I have done a newer review of them, where the capacity was considerable lower, it looks like it is the TrustFire Flame 3000 mAh that are the good ones now (But they are NOT 3000 mAh).
I have posted reviews here or you can find the reviews on my website.


----------



## spc smith

Really?? ivee heard double takes on this. I just called lighthound, and they said as of six months ago they have not had one complaint of the ultrafire 16340, 18650 batteries from customers buying them. However lighthound mentioned to me that an ealier batch was found to be fauly in performance but that the newer batch they have had no complaints of till now.


----------



## spc smith

till now as of no mistakes in performance. the newer batch seems to be more promising is what lighthound assured me of.


----------



## moderator007

HKJ said:


> I have done a newer review of them, where the capacity was considerable lower, it looks like it is the TrustFire Flame 3000 mAh that are the good ones now (But they are NOT 3000 mAh).
> I have posted reviews here or you can find the reviews on my website.


Hi HKJ,
From your website the trustfire flames has the DX sku on the box.

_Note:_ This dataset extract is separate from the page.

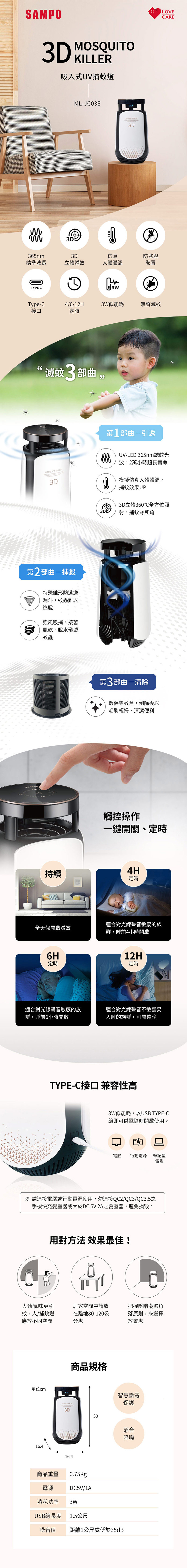 SAMPO聲寶ML-JC03E 吸入式UV捕蚊燈

I have never received any from DX in a box. But its been awhile since a purchased any. Did you purchase both sets of batteries from DX 2400mah and 3000mah. You tested a lower capacity with the new 2400mah trustfire's. Just making sure there from the same source as the older ones I have tested were better.


----------



## HKJ

moderator007 said:


> Hi HKJ,
> From your website the trustfire flames has the DX sku on the box. I have never received any from DX in a box. But its been awhile since a purchased any. Did you purchase both sets of batteries from DX 2400mah and 3000mah. You tested a lower capacity with the new 2400mah trustfire's. Just making sure there from the same source as the older ones I have tested were better.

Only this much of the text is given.